Database Management System

A DBMS is software that allows applications to store and analyze information in a database. A general-purpose DBMS is designed to allow the definition, creation, querying, update, and administration of databases in accordance with some data model.

Data Model: A data model is a collection of concepts for describing the data in database. Some examples include:

• Relational (most common)
• NoSQL (key/value, document, graph)
• Array / Matrix / Vector (for machine learning)

Schema: Schema is a description of a particular collection of data based on a data model. This defines the structure of data for a data model. Without a schema, you will have random bits with no meaning.

Common Data Models

• Relational (Most DBMSs)
• Key/Value (NoSQL)
• Graph (NoSQL)
• Document/XML/Object (NoSQL)
• Wide-Column/Column-family (NoSQL)
• Array / Matrix / Vector (Machine Learning)
• Hierarchical (Obsolete/Legacy/Rare)
• Network (Obsolete/Legacy/Rare)
• Multi-Value (Obsolete/Legacy/Rare)

Relational Model

The relational model defines a database abstraction based on relations to avoid maintenance overhead. It has three key ideas:

• Store database in simple data structures (relations)
• Physical storage left up to the DBMS implementation
• Access data through a high-level language, where the DBMS figures out best execution strategy

The relational data model defines three concepts:

• Structure: The definition of relations and their contents independent of their physical representation
• Integrity: Ensure the database’s contents satisfy certain constraints
• Manipulation: Programming interface for accessing and modifying a database’s contents

One of the ideas that the relational model provides is data independence. If we isolate the user / application from the low-level data representation, the user only has to worry about the high-level application logic. It also allows the DBMS to optimize the data layout according to the operating environment, database contents, and workload. When these factors change, the DBMS can respond and re-optimize the database.

Relation: A relation is an unordered set that contains the relationship of attributes that represent entities. Since the relationships are unordered, the DBMS can store them in any way it wants, allowing for optimization. It is possible to have repeated / duplicated elements in a relation.

Tuple: A tuple is a set of attribute values (also known as its domain) in the relation. In the past, values had to be atomic or scalar, but now values can also be lists or nested data structures.
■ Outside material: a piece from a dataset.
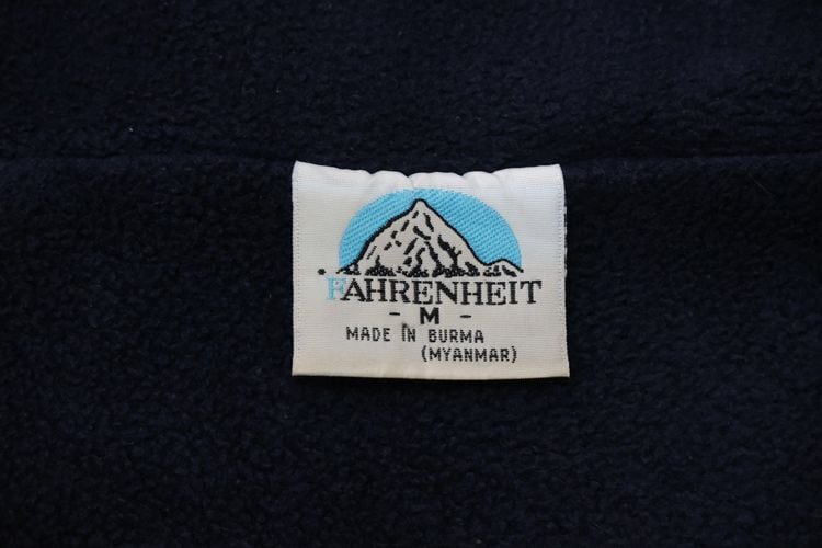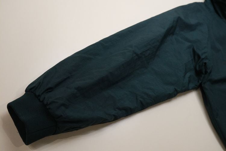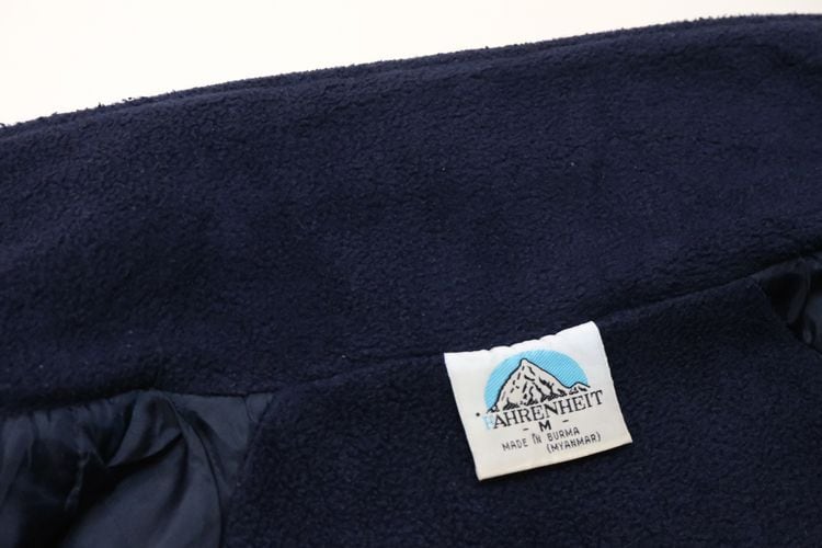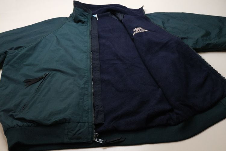 1978年にワシントン州シアトルで創業されたカジュアル・ウエア・ブランド"FAHRENHEIT"から90年代初期頃と思われるウォームアップ・ジャケット。シェルにぱりっと張りのある100%ナイロン、ボディー・ライニングにポリエステル・フリース、スリーブ・ライニングに中綿入りのポリエステルが張られた軽い着心地ながら防寒性に優れたアイテムです。フロント・ジップアップ×ハンドウォーマー・ポケットのシンプルなデザインに、ツートーンで内側にフリースの張られたスタンド・カラー、アームホールが太いラグラン・スリーブのざっくりとしたサイジング、そして左胸に施されたアラスカらしいクマの刺繍が目を惹く仕上がりとなっています。着用の上で問題となるダメージや汚れはございませんが、全体的に着用感のあるUSEDコンディションですのでご理解の上ご検討ください。フォレストグリーンのシェルにダークネイビーのフリース・ライニングによる渋いカラーリングと、流行に左右されないベーシックなデザインで永くご愛用いただけるおすすめの1本です。

Every attribute can be a special value, NULL, which means for a given tuple the attribute is undefined.

Primary Key: A relation’s primary key uniquely identifies a single tuple in a table. Some DBMSs automatically create an internal primary key if you do not define one. A lot of DBMSs have support for autogenerated keys (so an application does not have to manually increment the keys), but a primary key is still required for some DBMSs.

Foreign Key: A foreign key specifies that an attribute from one relation maps to a tuple in another relation. Generally, the foreign key will point / be equal to a primary key in another table.

Constraint: A constraint is a user-defined condition that must hold for any instance of the database. Unique key and referential (foreign key) constraints are the most common.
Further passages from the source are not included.